A downtrodden Walter then goes on to narrate an instance of particularly bad behaviour which “was really hard on me”. His servants, he explains, were fond of spreading rumours about him and making him believe that they and the locals disliked him. One nasty rumour accused him of being “stingy”, so his servants devise a plan which, they say, will prove his generosity.  His servants began to:


go into the streets and lanes and say I had sent them to compel travellers to come in. The servants in the house received the guests with the greatest respect, said that I was most anxious to see them, and hoped they would come often.
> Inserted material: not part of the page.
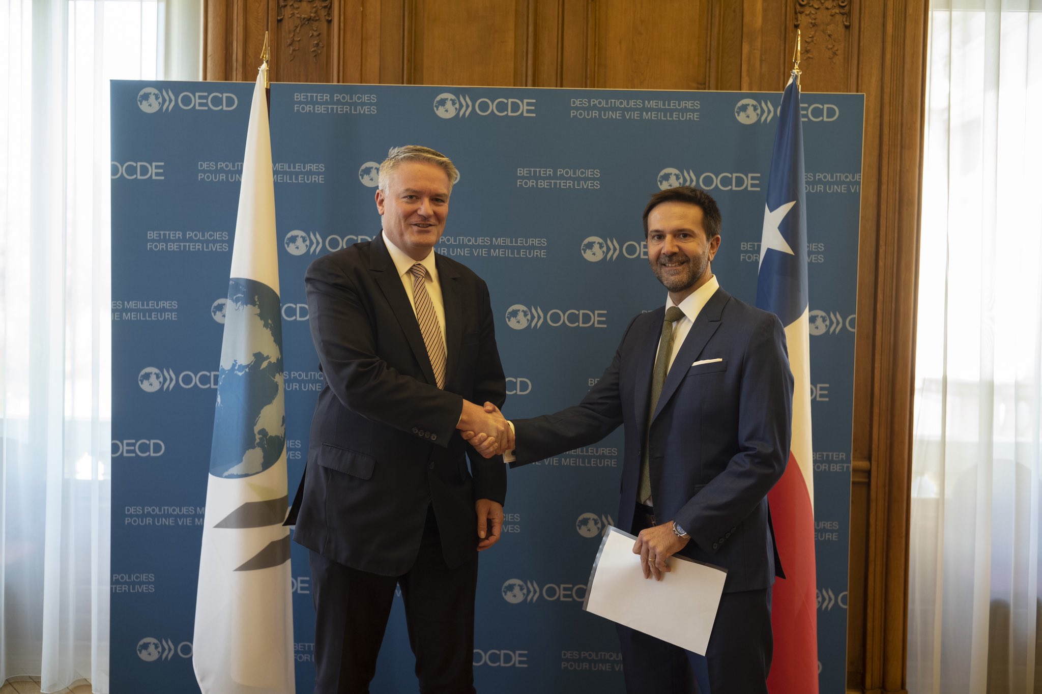 El Embajador Francisco Saffie presentó sus cartas credenciales que lo acreditan como Embajador de Chile ante el Secretario General de la OCDE, Mathias Corman.
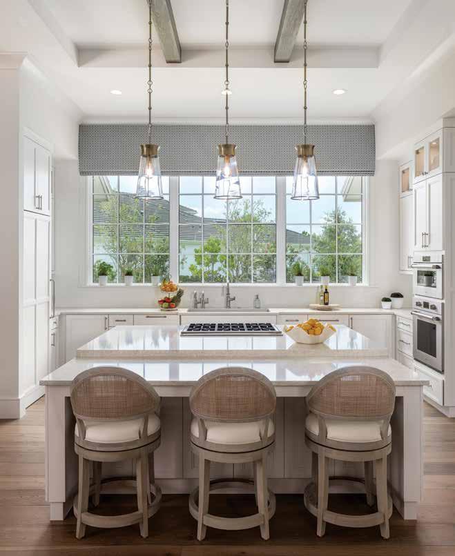 Kitchen: Nolan’s white-glove approach ensures every detail is considered, down to fresh lemons in a Capiz shell bowl. The white shakerstyle cabinetry establishes a crisp, coastal foundation for the kitchen, complemented by the collage of blue abstract art. Counter stools from Modern History introduce natural cane textures, while gold pendants by Visual Comfort and pearlized vinyl on the nook chairs by Fairfield Chair bring subtle glamour and practical durability.

Then they would run into me and announce that guests had arrived, men of good position, and made me welcome them in.


Of course, this impromptu welcoming of strange ‘guests’ had nothing to do with  making Walter look good, but was instead a means of making “meat and drink fly”  in the guise of hospitality. The wily servants then “gorged themselves to any extent in my presence” which, Walter adds “they knew I hated” – somewhat proving his servant’s point about his stinginess.

Now, we have no means of knowing how much this was true and De Nugis is full of scurrilous court gossip. But either way, Map’s image of the unruly household opposes the kind of world conduct books tried to cultivate. Map’s servants are not deferential, orderly and moderate in their customs and habits. They run around stuffing themselves with food, inviting people into the home with no thought for material or personal safety. In fact – unlike Walter – they sound like a hoot.

(1). Roberta L. Kreuger, "Teach your Children Well: Medieval Conduct Guides for Youths," in Medieval Conduct Literature: An Anthology of Vernacular Guides to Behaviour for Youths, with English Translations, ed. Mark D. Johnston (U. of Toronto Press, 2009), ix-xxxi. ix.

(2) Walter Map, De Nugis Curialium, ed. and trans. M.R.James (OUP, 1983).